Malgré les trahisons de la fortune et des hommes, la foi robuste de M. Émile Ollivier ne fut pas entamée.
Il ne consentit jamais à admettre que les belles idées pussent être grosses de faits médiocres,—semblables à la princesse du conte oriental, dont la bouche délicieuse vomit des bêtes dégoûtantes. A quatre-vingts ans il est le même qui, jeune homme, jaloux de concilier l'ordre avec la liberté, affrontait les démagogues des Bouches-du-Rhône,—les Marseillais, sensibles à la caresse des phrases harmonieuses et sentant leur vertu civique mal assurée devant tant d'éloquence, lui criaient: «Taisez-vous!»—le même qui plus tard entreprit de féconder par des rêves généreux les combinaisons politiques du duc de Morny...
Cet optimisme impénitent est un spectacle qui émeut: il faut qu'un cœur soit d'une grande pureté pour qu'à cet âge, et après de telles épreuves, l'illusion ne s'y fane point.
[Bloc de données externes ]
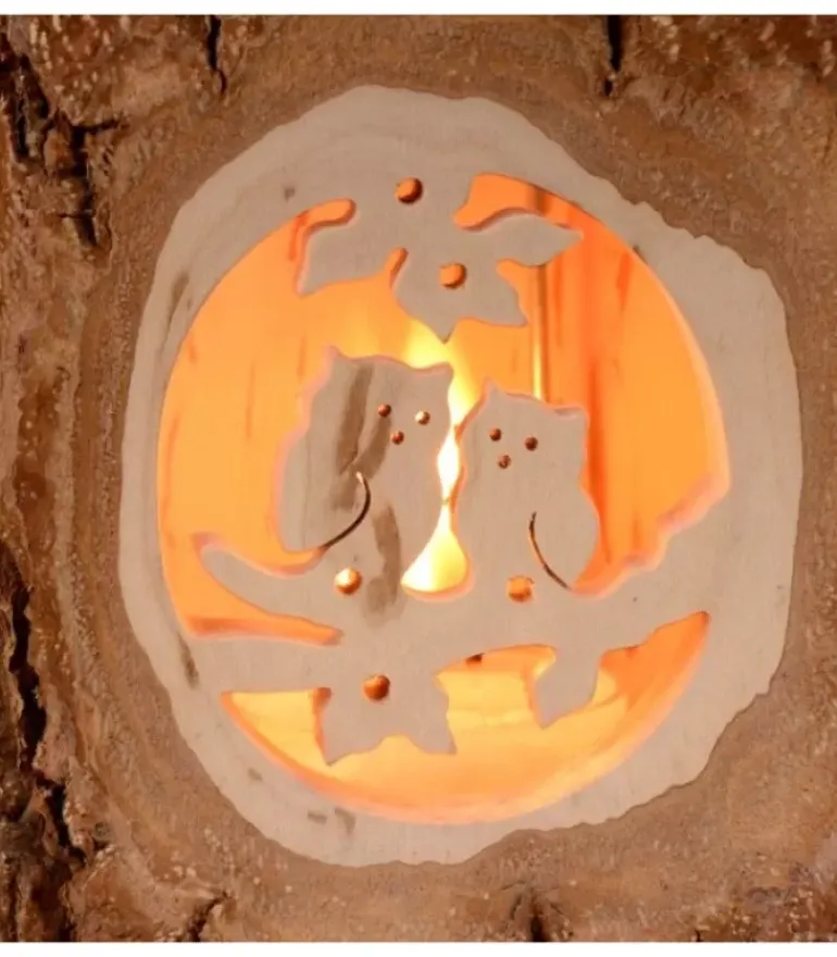 Lanterne Photophore Avec Motif D’Un Couple D’Hiboux En Bois Cisele Sur Chaque Cote. Equipee D’Une Anse Metal.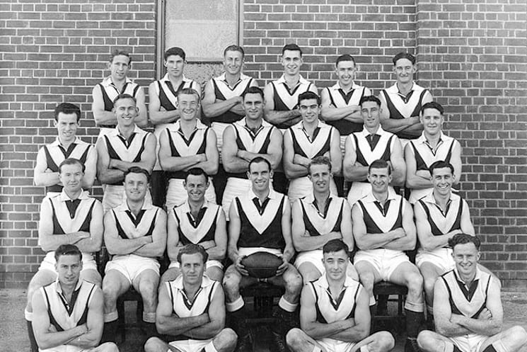 SANFL... North Adelaide Football Club’s 1949 premiership team, Morrie Arbon sits cross legged, second from right. Back: P Kennett, L Tuckey, F Crouch, A Beaton, G Donnisthorpe, R Phillips; third row: J Hall, A Galloway, J Tidswell, L Pedler, K Carroll, D Stinger, D Gilbourne; second row: J Pash, T McKenzie, B Coulls, captain I McKay, J Blunden, C Aamodt, S Hancock; front: A Odgers, J Russell, M Arbon, D Cox. (Absent: vice-captain F O’Leary, L Griffin, J Beeching, A Aldenhoven.) PHOTO: John Sweeny, Hampstead Gardens

Peut-être, d'ailleurs, M. Émile Ollivier dut-il à l'injuste disgrâce qui l'écarta de la vie active, autant qu'à sa grandeur d'âme, de conserver entières ses espérances.
Quand il accepta des mains de l'Empereur le gouvernement, on appela d'abord le cabinet du 2 janvier le «ministère des honnêtes gens». Et sans doute le baptême n'impliquait aucune intention injurieuse à l'adresse de M. Rouher dont la probité fut inattaquable, pas plus que l'étiquette de «révolution du mépris» donnée au mouvement de 48 ne marchandait l'estime due au roi Louis-Philippe. Mais le séduisant paradoxe de l'Empire libéral donnait à la France un visage qui paraissait convenir davantage à «la plus grande personne morale du monde». Et elle ressemblait à la jeune Marianne comme une sœur, cette étrangère, noblement parée d'idéologies, qui fit son entrée dans les salons officiels en même temps que sainte Mousseline...
Nous avons vu la divorcée de César, libérée de son idéal, épaissie dans les soins du ménage; et sa maturité sans grâce, égoïstement utilitaire, semble digne encore de recueillir des hommages de jeunes ambitieux. Nous ne concevons plus guère, toutefois, qu'elle puisse tourner les têtes...
La République, hélas! devrait-elle rester une fiancée? M. Émile Ollivier conserve l'avantage de la voir toujours à vingt ans. Il croit à la fraternité, à la liberté, à l'égalité, de la façon qu'on y pouvait croire quand on ignorait tout ce que contiennent ces mots magiques. Et ainsi, d'une certaine manière, le premier ministre de 1870 apparaît comme l'un de nos derniers républicains.